Published on

SMS OTPs: Bad for Security, Architecture, Engineering, and Call Centres

Authors
  • avatar
    Name
    Mark Williams
    Twitter

Overview

Unfortunately SMS OTPs -- and even email OTPs/magic links -- are still common in customer identity. Why? Most companies collect their customers' phone numbers and/or email addresses, and hence adding an OTP for MFA or step up authentication is relatively simple. Few companies want the high friction of using Google/MS Authenticator or creating their own authentication app, passkeys are still new and complex, and hardware tokens add a huge overhead/cost for both companies and customers.

The security problems of SMS OTPs are well known: The SS7 network is notoriously insecure, SIM cards can be cloned, mobile phone network retailers can be tricked into issuing new SIM cards to attackers, there is no end-to-end encryption of SMSs, mobile phones can be hacked, SMS OTPs aren't phishing resistant authentication factors, and SMS OTPs enable toll fraud attacks. Still, SMS OTPs offer better security than a simple password, and email OTPs are less secure due to the fact that an email account is easier to take over than a mobile phone.

Likewise, email OTPs aren't a good idea whereby customers can reset their password by an email magic link, which means that attackers only need to compromise an email account to reset a customer's password, then log in with their password and an email OTP.

Architecture, Engineering, and Call Centres

There are other problems with SMS OTPs, too. Architecturally, companies require a means by which phone numbers are included in a customer's profile when provisioning a customer into an IdP. The phone number must also be enabled as an authentication factor. But what if a customer changes their phone number? Then companies require a means by which a customer's phone number can be updated in the IdP, by self service (e.g., in a mobile app) or by the call centre.

Typically changing a customer's phone number requires APIs and integration with the IdP/CRM. What if some customers don't have a phone number? Now one must decide if the customer is provisioned, can fall back to an email OTP, or can simply add their mobile phone after successfully authenticating with a password... and the company's CRM is updated with the phone number. Moreover, call centres also need identity verification systems and processes to prevent attackers from updating a customer's phone number, then logging in as the customer.
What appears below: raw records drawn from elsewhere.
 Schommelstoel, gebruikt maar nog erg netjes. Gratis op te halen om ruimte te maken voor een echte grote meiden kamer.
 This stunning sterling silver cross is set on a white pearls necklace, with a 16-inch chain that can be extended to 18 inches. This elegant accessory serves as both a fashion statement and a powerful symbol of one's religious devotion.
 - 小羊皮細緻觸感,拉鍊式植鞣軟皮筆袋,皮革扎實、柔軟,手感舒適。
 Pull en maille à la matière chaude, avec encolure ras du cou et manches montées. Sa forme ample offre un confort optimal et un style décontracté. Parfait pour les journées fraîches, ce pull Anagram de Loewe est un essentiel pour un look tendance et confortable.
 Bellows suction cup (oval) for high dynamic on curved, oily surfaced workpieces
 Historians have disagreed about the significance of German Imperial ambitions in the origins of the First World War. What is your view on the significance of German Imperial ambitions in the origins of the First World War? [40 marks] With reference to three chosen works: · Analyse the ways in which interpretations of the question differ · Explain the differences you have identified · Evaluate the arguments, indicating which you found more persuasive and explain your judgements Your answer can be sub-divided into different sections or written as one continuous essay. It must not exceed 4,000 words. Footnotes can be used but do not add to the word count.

Many IdPs -- e.g., Okta, Auth0 -- will require that the phone number is in the E.164 format. Your CRM should also include data integrity rules around the length and composition of the phone number. Likewise, some IdPs will even reject a phone number being added to a customer's profile is the phone number is not in an allocated range, or if the phone number has been used for fraudulent activities.

Should companies verify a customer's phone number? Many companies do not, because email addresses tend to be verified for communications and account/password reset flows, and verifying a phone number in addition is seen as too much friction. Without verifying customers' phone numbers, one can never be sure that the phone number entered is correct.
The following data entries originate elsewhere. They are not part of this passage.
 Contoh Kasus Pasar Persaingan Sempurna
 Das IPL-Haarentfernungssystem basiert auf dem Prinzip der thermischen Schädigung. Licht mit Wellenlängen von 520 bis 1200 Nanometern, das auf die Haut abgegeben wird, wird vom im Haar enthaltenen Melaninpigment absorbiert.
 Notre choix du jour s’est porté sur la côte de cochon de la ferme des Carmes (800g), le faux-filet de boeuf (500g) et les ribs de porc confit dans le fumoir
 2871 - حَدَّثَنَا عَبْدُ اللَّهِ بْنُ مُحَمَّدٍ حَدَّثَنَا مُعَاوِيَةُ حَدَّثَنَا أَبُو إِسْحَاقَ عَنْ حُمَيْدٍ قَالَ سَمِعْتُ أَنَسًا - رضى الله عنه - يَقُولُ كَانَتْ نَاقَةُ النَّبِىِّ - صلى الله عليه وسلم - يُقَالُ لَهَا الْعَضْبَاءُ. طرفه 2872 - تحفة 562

What about cost? Each SMS OTP will incur a cost. Multiplied by the number of unique logins per year, this can end up costing companies tens or hundreds of thousands of dollars.

What about enabling your SMS provider for overseas phone numbers? Your SMS provider may request you to raise a request for each overseas country to meet the country's regulatory requirements. Let's not even discuss how SMSs are a best effort service.

SMS OTP Implementations

Any SMS OTP implementation also needs to deal with basic security controls:

  • How many unsuccessful OTP attempts are allowed?
  • What does one do if too many attempts are tried? Lock out the authentication factor? Lock the account?
  • Any custom implementation without an IdP must ensure that the password factor, then SMS OTP are sequenced correctly. That is, attackers cannot bypass the password factor and go straight to an SMS OTP. Engineering must deisgn a solution such that the API receiving the entered OTP is on the public Internet but cannot be used without successfully authenticating with a password.